Chi wo sû bara, Yamamoto Michio (1974)


CHI WO SÛ BARA, aka Bloodsucking Rose, aka Evil of Dracula
血を吸う薔薇
Année : 1974
Genre : rouge sang
Production : Toho
Réalisation : Yamamoto Michio
Avec : Kurosawa Toshio, Mochizuki Mariko, Tanaka Kunie, Kishida Shin, Sasaki Katsuhiko, Ôta Mio, Katsuragi Mika, Aramaki Keiko, Itô Yûnosuke, Agawa Yasuko, Futami Tadao, Katayama Susugu, Oguri Kazuya, Suzuki Haruo, Takei Midori


Le professeur Shiraki arrive dans un petit lycée privé pour jeunes filles, quelque peu isolé à la campagne. Il apprend très vite que l’épouse du directeur est décédée… et que son corps est conservé en attendant que son esprit revienne – comme le voudrait une coutume locale. Intrigué, Shiraki va enquêter et bientôt découvrir de terribles secrets…  Pourra-t-il au moins sauver les jeunes filles qui résident dans l’établissement ?

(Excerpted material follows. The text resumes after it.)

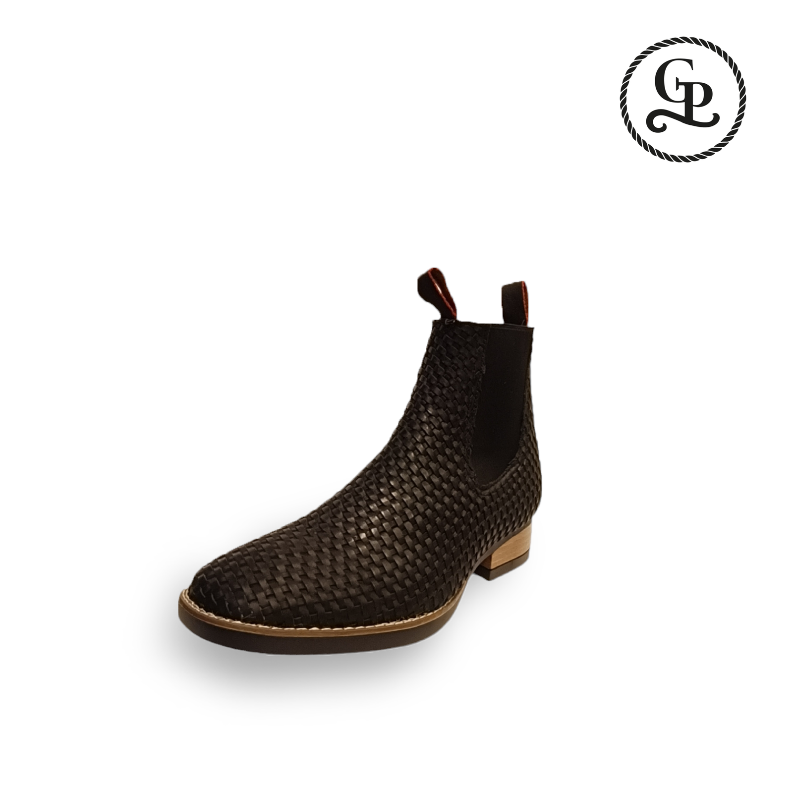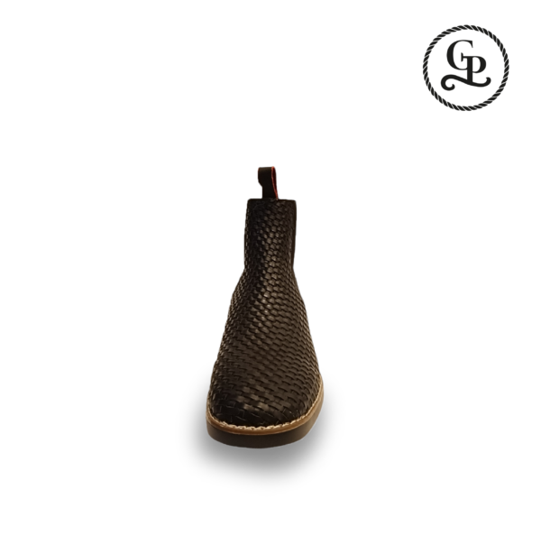 Botín Caballero Bulldog Negro, piel de Res tejido, color negro y suela zigzag

Avec CHI WO SÛ BARA, la Toho enfonce le clou dans le cercueil de sa trilogie vampirique en hommage aux films d’horreur occidentaux. Une trilogie de qualité, jusque dans ses titres empreints d’une véritable poésie noire : « la poupée qui suce le sang », « l’œil suceur de sang », et enfin « la rose qui suce le sang ». Ce charme ténébreux annoncé dès le départ se retrouve dans le cœur des différents films : bien réalisés, superbement photographiés, dotés d’une atmosphère sombre et nimbée de cauchemars, aux doux relents de campagne gothique britannique – à la Hammer. Quand je dis « gothique », c’est pour jouer sur les mots. Il s’agit en fait d’une espèce de sous-genre horrifique made in Japan, lové dans les bras griffus d’une Morphée aux accents européens. Certains spécialistes vont jusqu’à classer LA FEMME DE LA PLAQUE ARGENTIQUE, de Kurosawa Kiyoshi, dans cette catégorie.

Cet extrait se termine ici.